Anonymous Monk has asked for the wisdom of the Perl Monks concerning the following question:

Trying to get some data out of some html files I've got (quite a few). Problem is, the data isn't on the same line, so a regular expression won't help me. Basically, each string I want to extract looks likes.
<b>Title: </b> STRING_I_WANT<br>
or sometimes
<b>Title: </b>STRING_I_WANT<br>
Is there anyway to grab everything inbetween "Title:" and the next found instance of an html line break tag when they're not on the same line? Thanks

Replies are listed 'Best First'.
Re: Help with getting everything from X until Y
by rob_au (Abbot) on May 29, 2003 at 03:59 UTC
    In addition to the other answers here which offer regular expressions and alternate line break characters which match over multiple lines, you may want to consider the use of the .. range operator:

    #!/usr/bin/perl while ( <DATA> ) { print if /<b>/ .. /<br>/; } __DATA__ a whole lot of worthless stuff <b>Title: </b> STRING_I_WANT<br> more worthless meaningless stuff or sometimes <b>Title: </b>ANOTHER STRING_I_WANT<br>

    And the resultant output ...

    /users/rc6286 > perl test.perl <b>Title: </b> STRING_I_WANT<br> <b>Title: </b>ANOTHER STRING_I_WANT<br>

    Alternatively, if you are ensure that the match is made across multiple lines, and not merely against a single line which may contain the requisite start and stop range elements, the ... range operator may be used which does not test the second operand in the range statement until the next iteration, thereby ensuring that multiple lines are matched. See the perlop man page under the heading "Range Operators" for further details.

     

    perl -le 'print+unpack"N",pack"B32","00000000000000000000001001100001"'

      Thanks gents - these are all quite useful. I tamed-down the HTML a bit in my original post. It was actually a bit uglier. Here's my results w/ the 3 examples:
      local $/ = "<br>"; while ( <DATA> ) { print $1 if /Title:(.*?)<br>/s; }
      This works nice, but I got a lot of white spaces. Also, for some reason, I was getting an extra <\\b> in addition to the STRING_I_WANT. Easy to take out, but seem my question at the bottom if you could. #2:
      $whole_file =~ /Title:.*?</b>(.*?)<br>/ms;
      I actually assumed this would be the easiest way. I tried:
      undef $/; chomp($whole_file = <IN>); $whole_file =~ s/.*?Title:.*?<\/b>(.*?)<br>/$1/ ; print "$whole_file";
      The only thing this got me was the whole file printed out. :(

      #3
      while ( <DATA> ) { print if /<b>/ .. /<br>/; }
      This worked well. It would print out the whole line if it found something that fit in the range description. But I'm curiuos on one thing on this and the first example - how would I put the value into a variable when using the
      print if /<b>/ .. /<br>/;
      Thanks for your help. I'm making some progress but I'm still "in the books", so there's quiet a few tricks I've still yet to learn.
        When the while is written in this manner, each line that is processed is assigned to the default perl variable, $_ - When subsequent matching and printing is performed without specifying a variable or specific string to act upon, the use of the default variable $_ is assumed and it is this which is acted upon.

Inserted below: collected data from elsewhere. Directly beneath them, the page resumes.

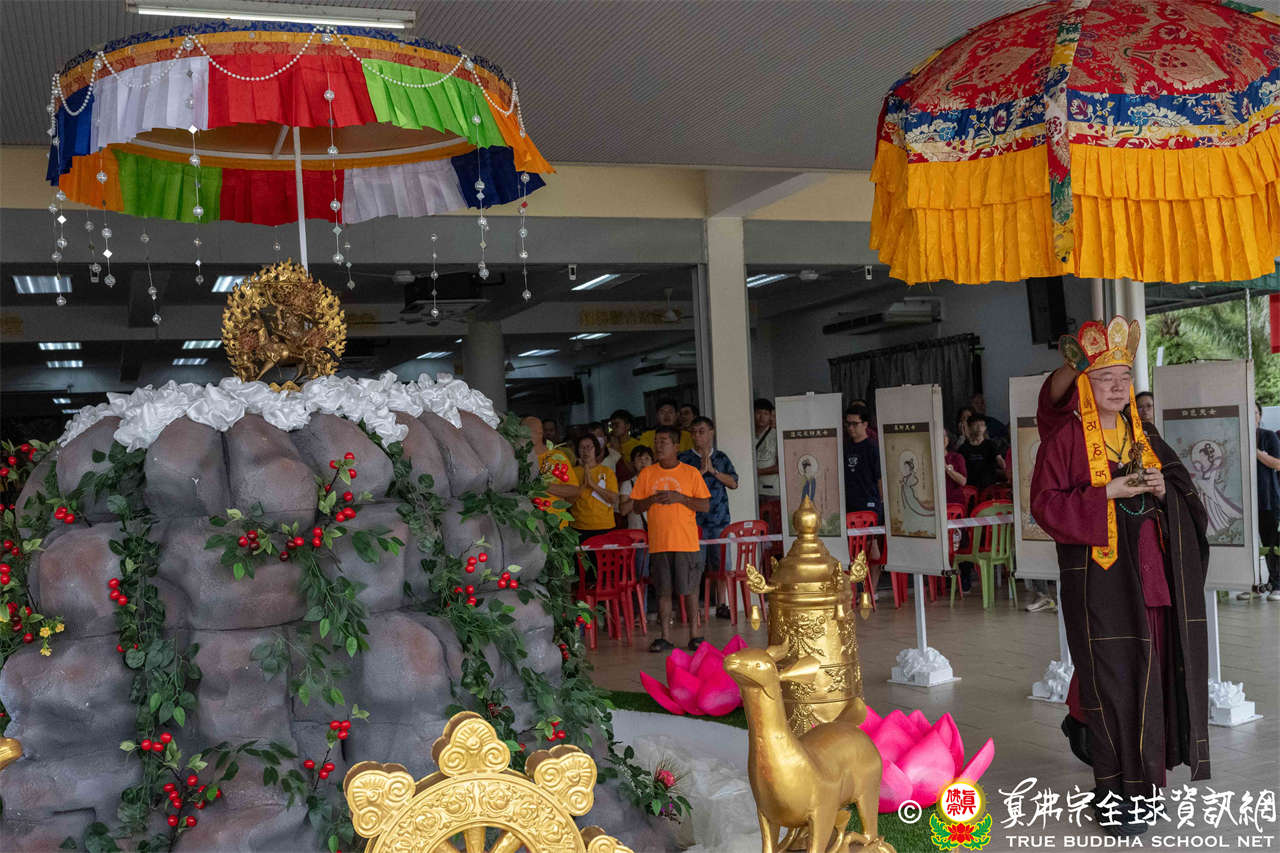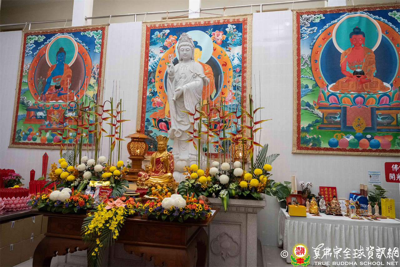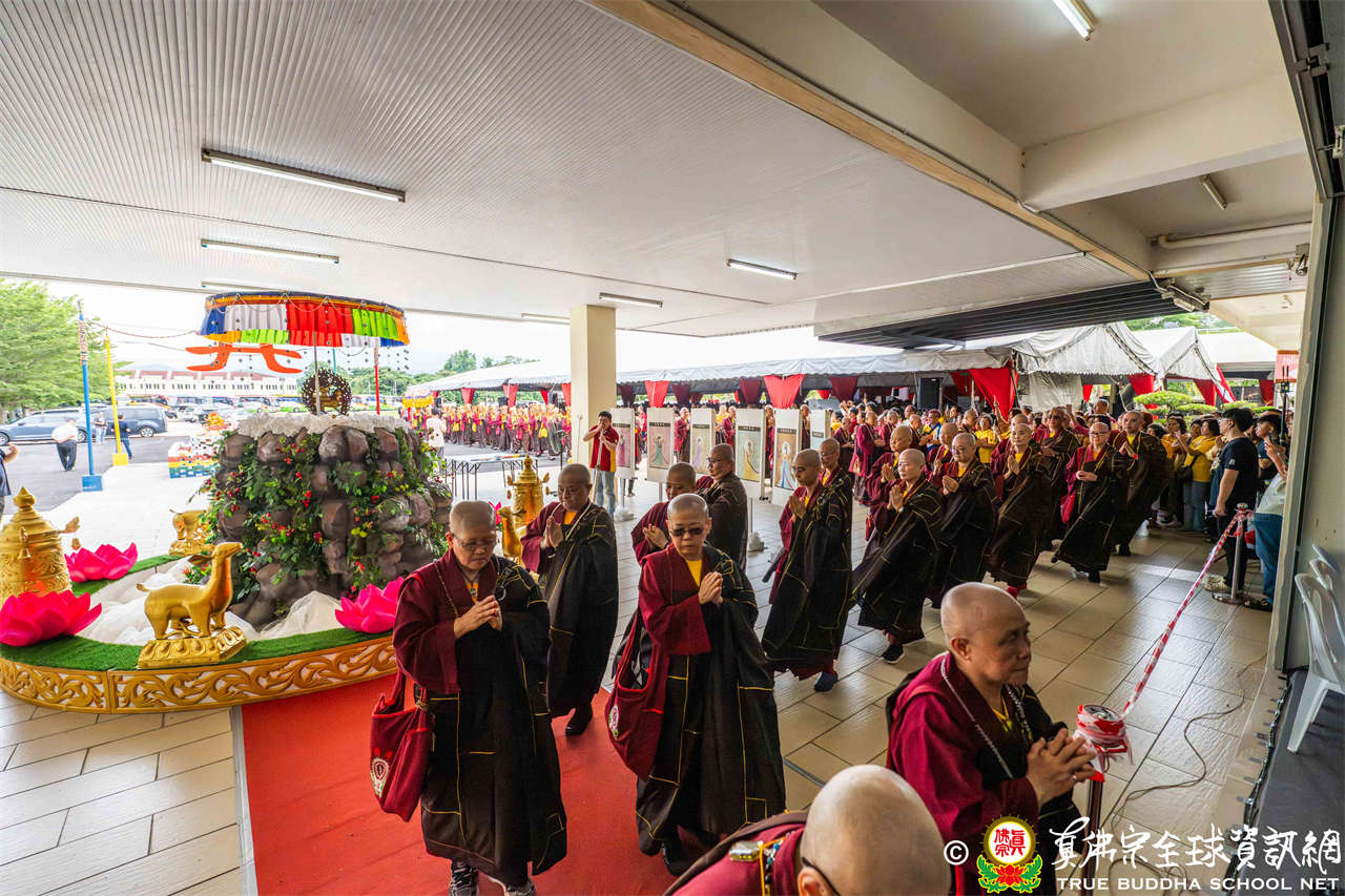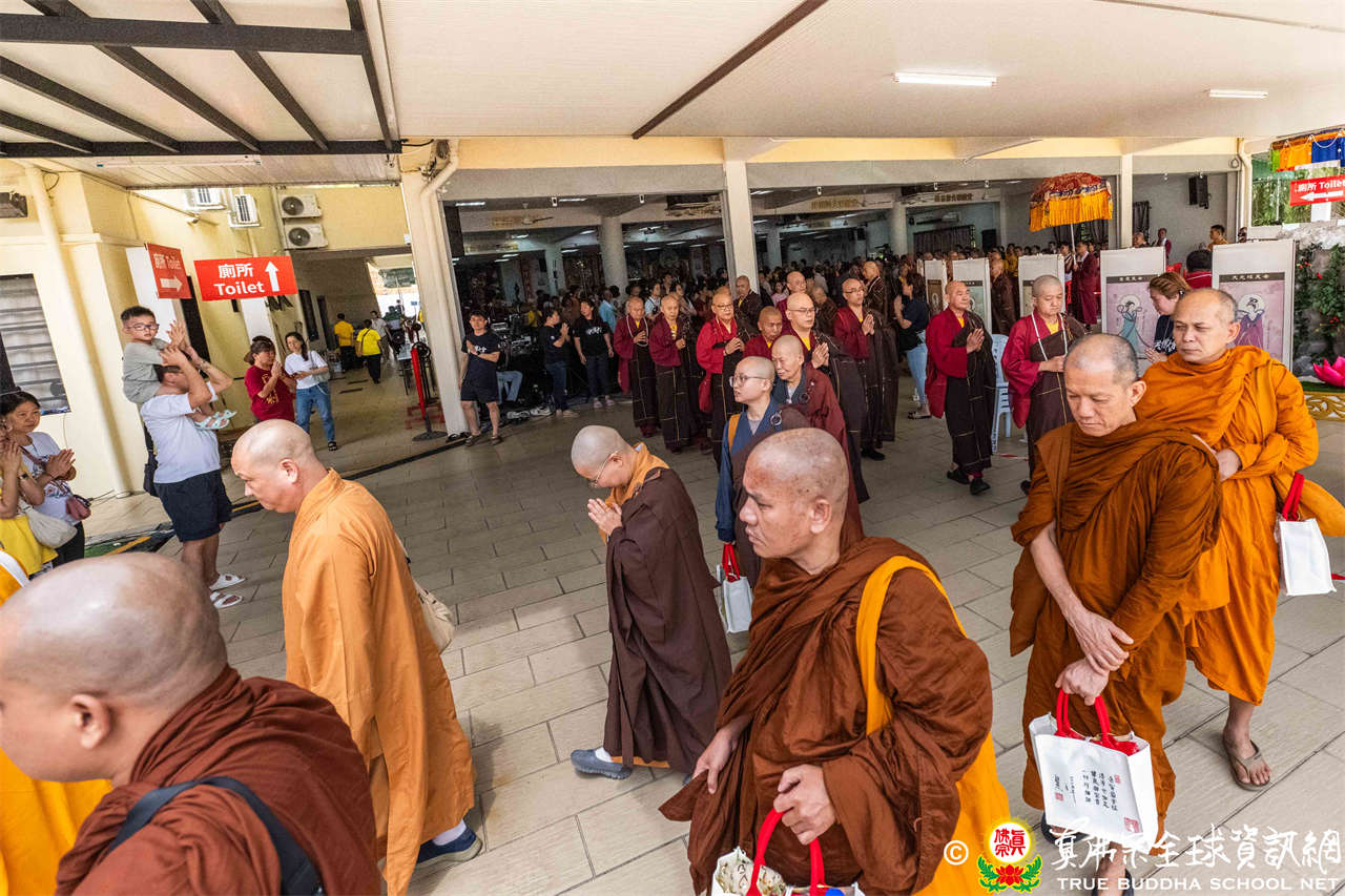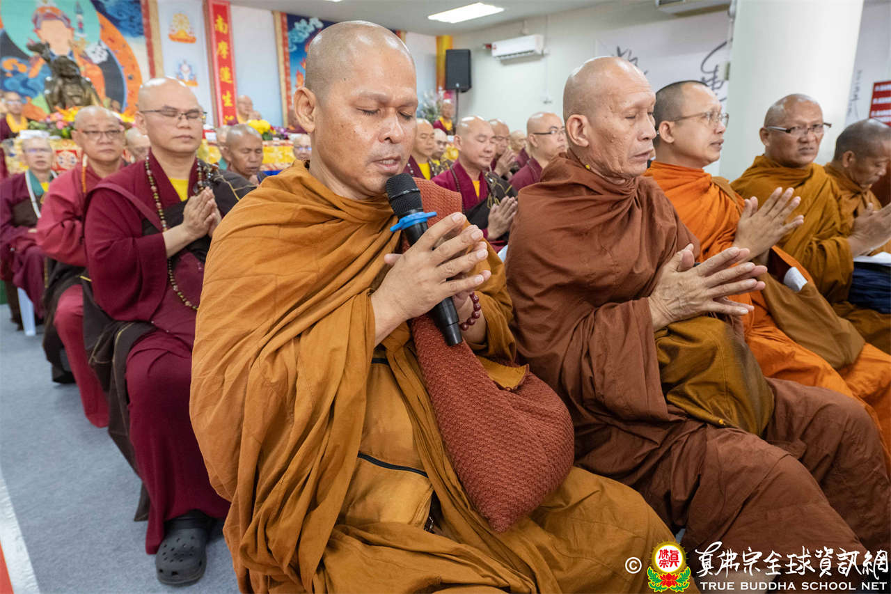 供僧大會依循《真佛宗供僧儀軌》肅穆進行,由長老釋蓮栽上師代表根本上師聖尊蓮生活佛盧勝彥納受信眾供養,並代表供養住世羅漢賓頭盧尊者。全體真佛弟子齊聲念誦《請佛住世祈願文》,祈請根本上師常住世間、永轉法輪;現場亦有南傳僧人持誦巴利文《祈禱文》,北傳僧人念誦《大悲咒》及《心經》。隨後,眾同門善信向僧眾敬獻哈達與供養,並由釋蓮栽長老開示佛法,供僧大會圓滿。
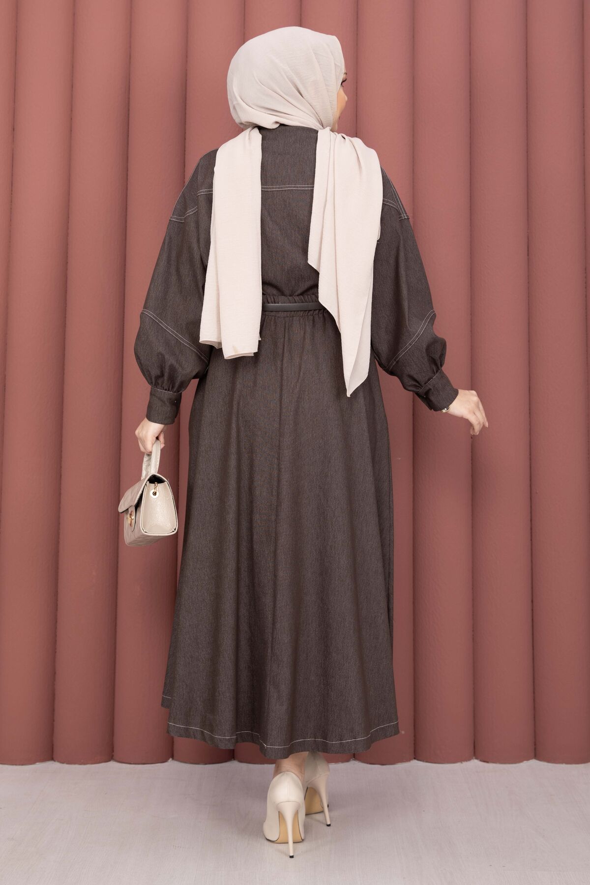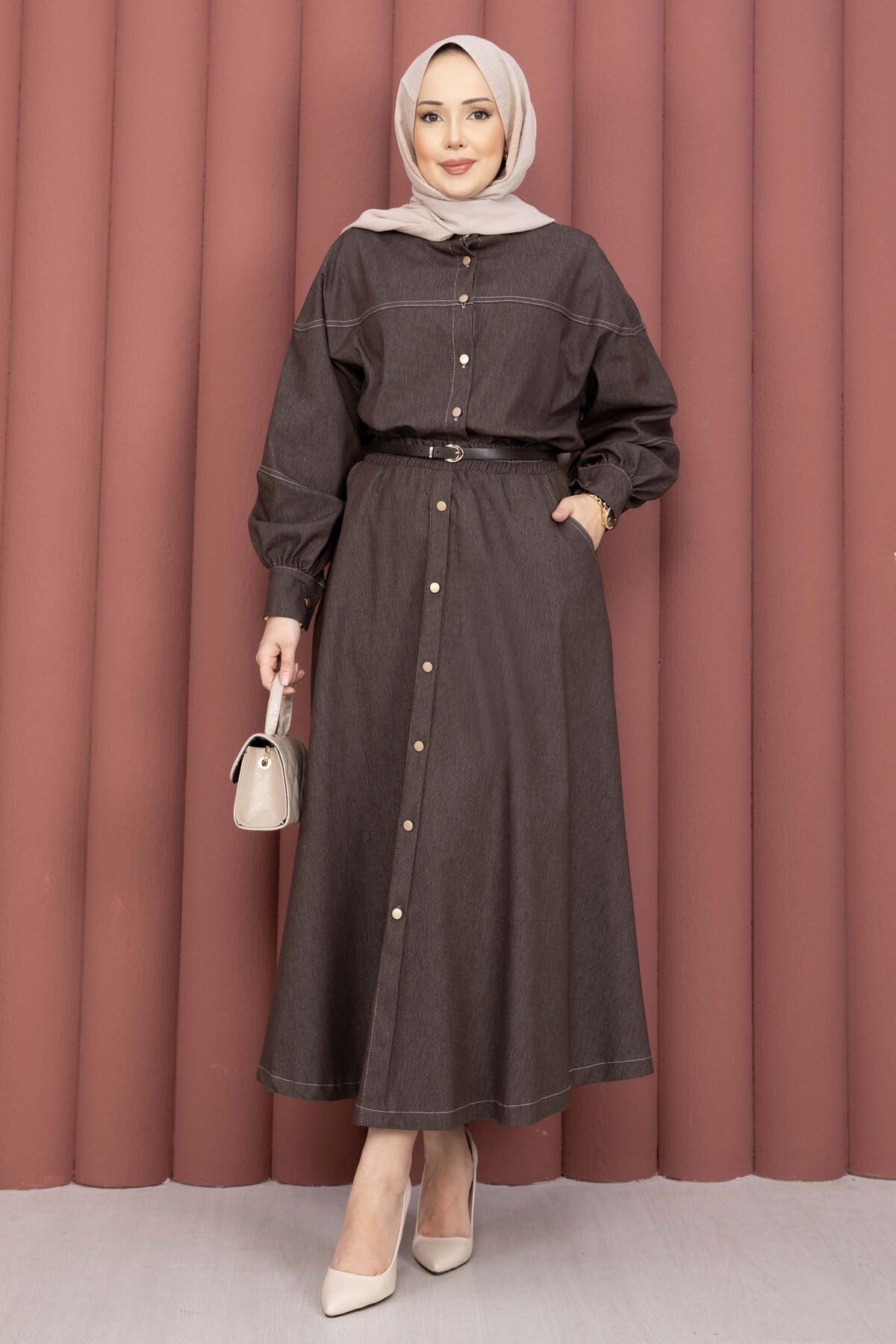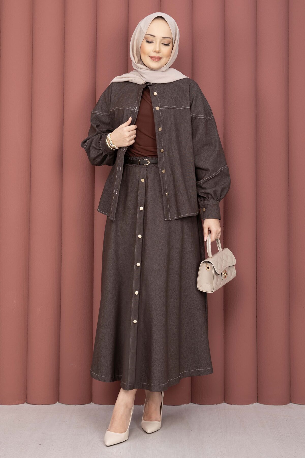 Gömlek & Etekli Tesettür Tensel Takım Kahve
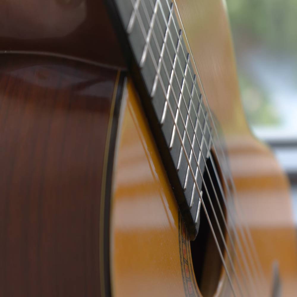 Den beruhigenden Klängen von klassischer Gitarrenmusik lauschen, während der Regen von draußen ans Fenster prassel.
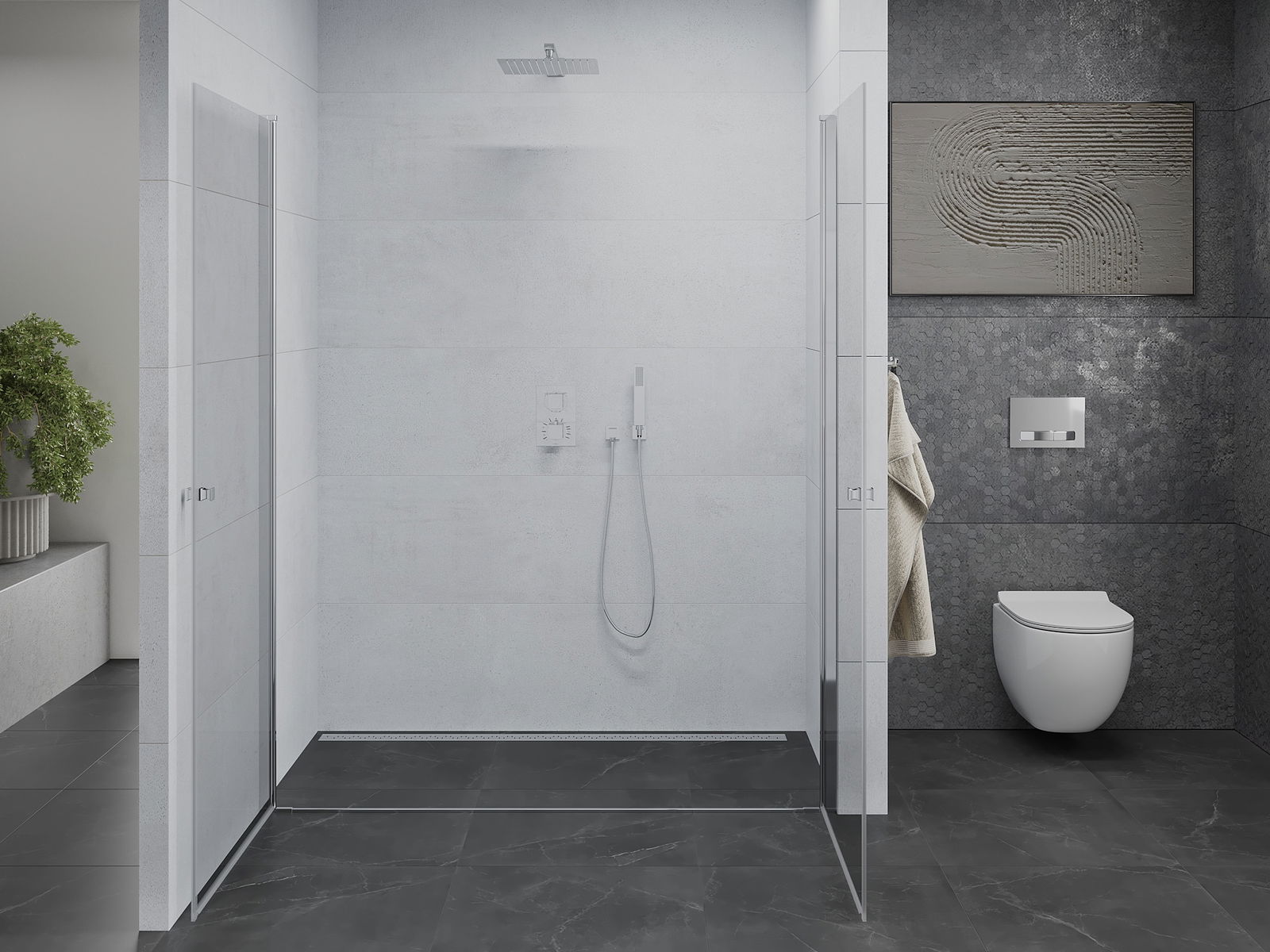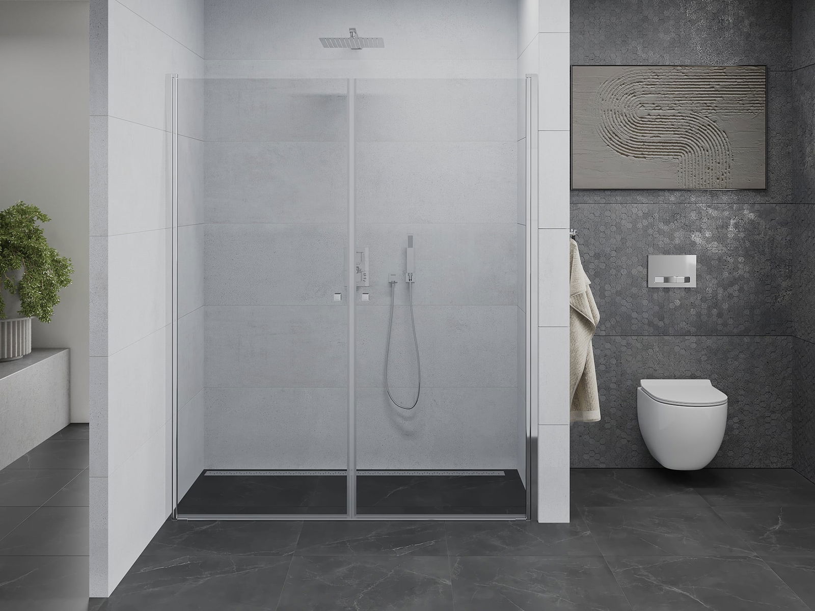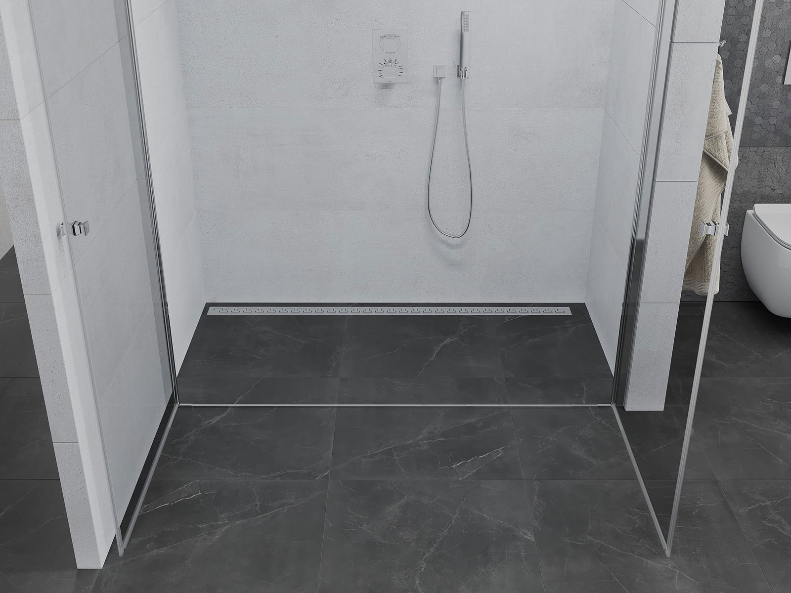 A pega prática e confortável foi feita de metal durável e resistente. A forma moderna combinada com o acabamento ajustado à cor dos perfis confere a todo o conjunto uma aparência moderna e estilosa, realçando a estética de qualquer casa de banho.

        See the perlvar and perlop man pages for further detail.

         

        perl -le 'print+unpack"N",pack"B32","00000000000000000000001001100010"'

        Modifiers matter. And didn't you say there was more than one occurrence in this file? Here's an untested example:

        undef $/; chomp($whole_file = <IN>); while ($whole_file =~ /Title:.*?<\/b>(.*?)<br>/sg) { print $1 . "\n"; }
Re: Help with getting everything from X until Y
by Enlil (Parson) on May 29, 2003 at 03:13 UTC
    Since you are using the <br> tag as the delimiter up to which you are getting stuff (and the next found instance of an html line break tag), you could use it to break up your data through use of $/. By that i mean something like the following:
    use strict; use warnings; local $/ = "<br>"; while ( <DATA> ) { print $1 if /Title:(.*?)<br>/s; } __DATA__ a whole lot of worthless stuff <b>Title: </b> STRING_I_WANT<br> more worthless meaningless stuff or sometimes <b>Title: </b>ANOTHER STRING_I_WANT<br>

    update: This should take care of the extra stuff. I reread your requirement, everything from "Title:" to <br> and did what that specified instead of just the strings you wanted. The following only retrieves those strings and shows you how to put it in a variable (basically assign $1 to something) (see rob au's response which answers the question you asked). Good luck, here is the code:

    -enlil

Re: Help with getting everything from X until Y
by perrin (Chancellor) on May 29, 2003 at 03:28 UTC
    Just slurp the file into a scalar and use a regex as usual:

    $whole_file =~ /Title:.*?</b>(.*?)<br>/sg;
Re: Help with getting everything from X until Y
by Cody Pendant (Prior) on May 29, 2003 at 05:32 UTC
    >Problem is, the data isn't on the same line, so a regular >expression won't help me.

    I just want to check that we're not missing something fundamental here -- this sentence definitely implies that the original poster believes regexes are unable to match patters which cross a linebreak.

    In case that truly was his or her belief -- they can. Specifically, the dot character in regexes matches everything except a linebreak, unless the /s modifier is used.

    So to match this:

    <b>Title: </b> STRING_I_WANT<br>
    you can just use
    m#<b>Title:.*?</b>(.*?)<br>#s;
    right?
    --
    “Every bit of code is either naturally related to the problem at hand, or else it's an accidental side effect of the fact that you happened to solve the problem using a digital computer.”
    M-J D